The German line roughly says "An unauthorized task was attempted."

It is possible to run PrivescCheck with -ErrorAction SilentlyContinue but maybe this can be fixed.

itm4n commented 2 years ago

Hi!

OK, I see. It seems Get-Acl does not handle all errors nicely with -ErrorAction.

Could you tell me which registry key is triggering the error, and what is the DACL of this registry key as well?

exploide commented 2 years ago

Hi, thank you for the reply.

Unfortunately, I no longer have access to the device after the engagement ended yesterday. I'm probably of not much help anymore. I'm sorry. I better had run that with verbose or debug options I guess.

I see that the issue might be hard to reproduce and only happens under certain circumstances.

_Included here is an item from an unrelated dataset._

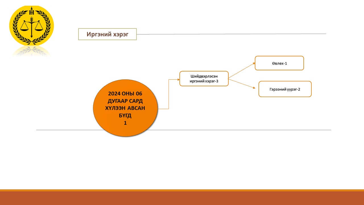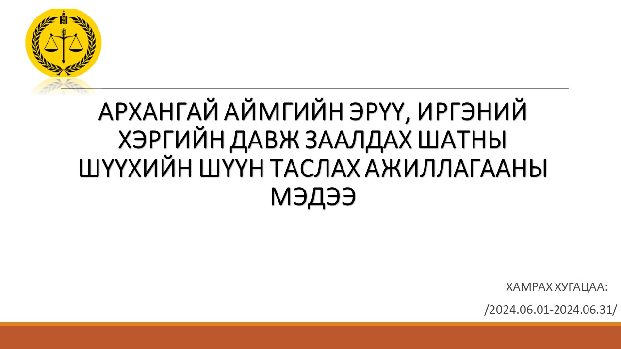 АРХАНГАЙ АЙМГИЙН ЭРҮҮ, ИРГЭНИЙ ХЭРГИЙН ДАВЖ ЗААЛДАХ ШАТНЫ ШҮҮХИЙН 2024 ОНЫ 06 ДУГААР САРЫН ШҮҮН ТАСЛАХ АЖЛЫН МЭДЭЭ
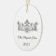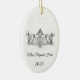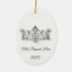 This ceramic ornament is shown in a oval shape with a sparkling silver crystal tiara with black text on a white background.

If not reproducible at all, maybe close the issue until me or someone else encounters this special case again.

itm4n commented 2 years ago

Hi,

Don't worry, that's OK. This is indeed a corner case, but I know how to fix it. :)

itm4n commented 2 years ago

I took a look at my previous code and realized I already surrounded a Get-Acl call with a "try/catch" elsewhere, precisely because it doesn't handle -ErrorAction properly. Therefore, I applied the same fix to the two other locations where I call Get-Acl.

This was indeed a mistake. So, thank you for your feedback! :slightly_smiling_face:

exploide commented 2 years ago

Great, thanks for the fix. I think we can close this then.